くすのきだんちへおひっこし

くすのきだんちは10階建て!素敵な住人に会えますよ☆4・5歳頃の読み聞かせにピッタリ!

☆特徴

  • くすのきだんちは10階建て。8階の部屋だけが空き室になっている。
  • 個性的な住人ばかりのくすのき団地。シリーズ全9作の第二弾。
  • 個性を認め合い助け合う姿が描かれる。多様性。
  • 空いている8階の部屋を見学に来たのはカエル。
  • 他者を見た目やイメージだけで決めつける事のもったいなさを痛感する出来事あり。

※本書のあとがきに作者の武鹿悦子さんの本書紹介の文が書かれています。

最後に「住人たちの優しさに輝いて、くすのきだんちは野原に立っています。一つ、一つの窓を『どうぞ』開いて。」武鹿さんの本書への想いが伝わる一文です。
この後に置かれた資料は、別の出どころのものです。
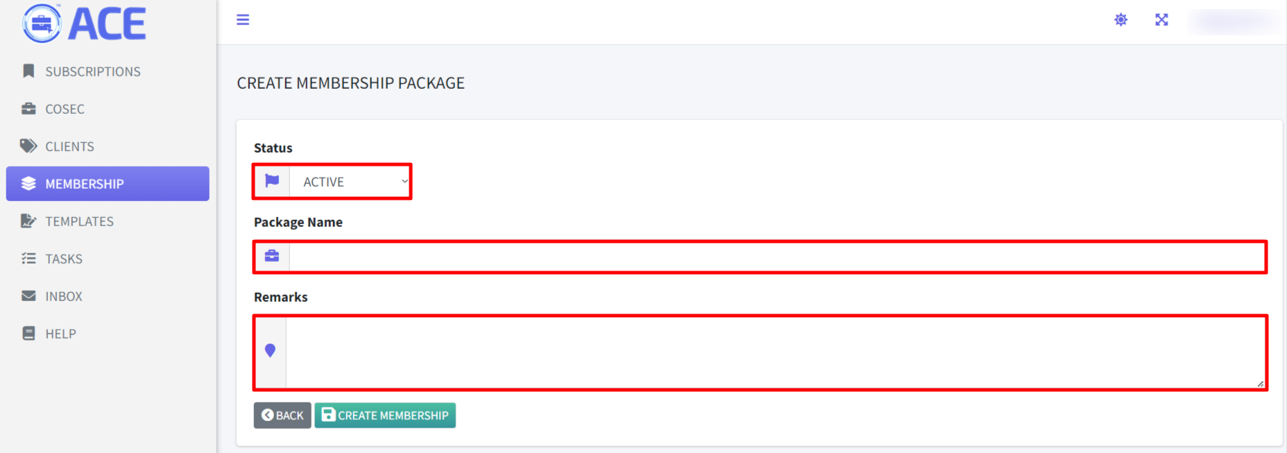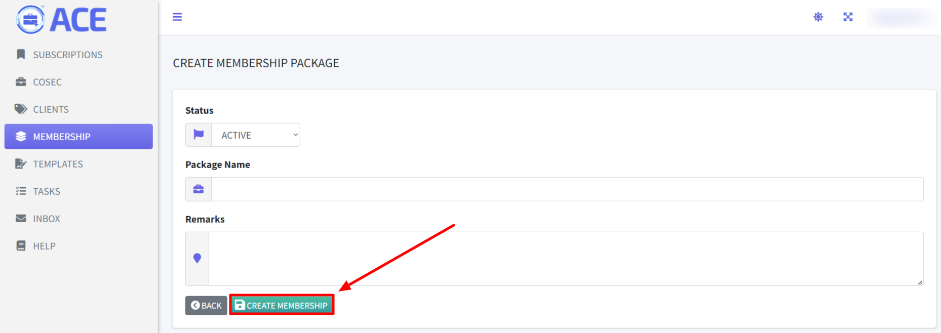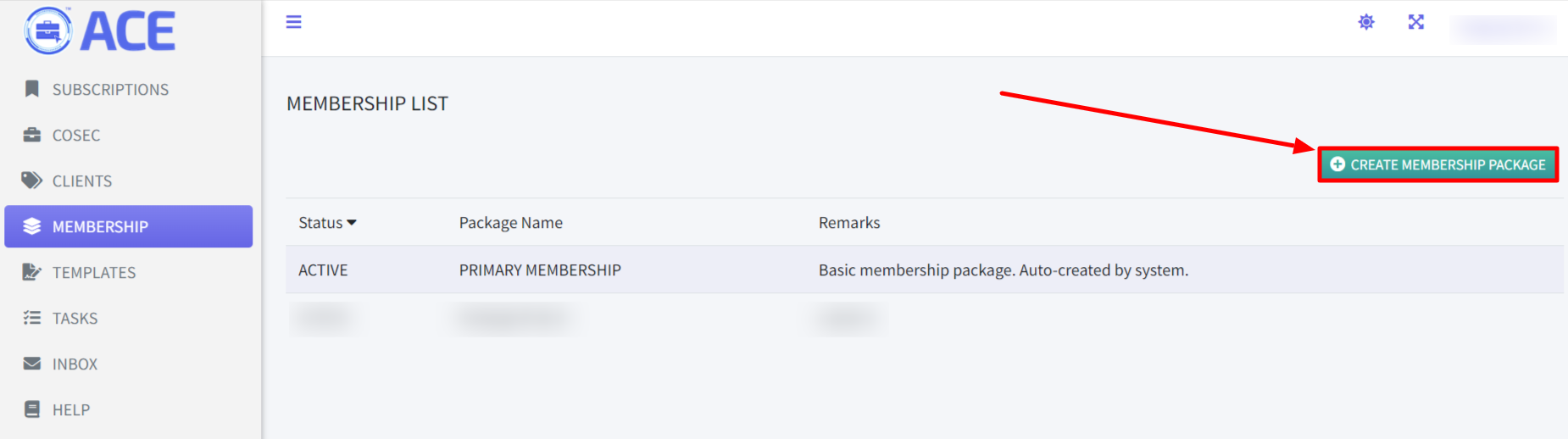 - Click “+ CREATE MEMBERSHIP PACKAGE” button on the right side of the screen.

●参考文献 「くすのきだんち」シリーズ情報 KUMONがうた・読み聞かせを応援【ミーテ】

☆読み聞かせのポイント

  • くすのき団地にどんなひとが住んでいて、どんなお仕事をしている人なのかお話の中で紹介しています。「サルさんは大工さんなんだね」「リスのレストランへ行ってみたいね」など、読みながら感じた事を付け加えてあげても良いと思います。
  • カエルさんはどうして越してくるのを最初嫌がったのでしょう。カエルさんらしい考えがあります。幼くてお話だけでは理解できない子には「カエルさんは鳥が苦手なんだね。食べられるかもしれないと思ったのかな?」と言葉を付け加えると分かりやすいと思います。
  • 見た目やイメージだけで嫌ったり遠ざける事って、本当はとってももったいない事だなと最後に感じる事が出来ます。ぜひ登場人物のそれぞれの立場でお話を見守って、考えてみてください。きっと今後の人間関係にプラスになる事でしょう。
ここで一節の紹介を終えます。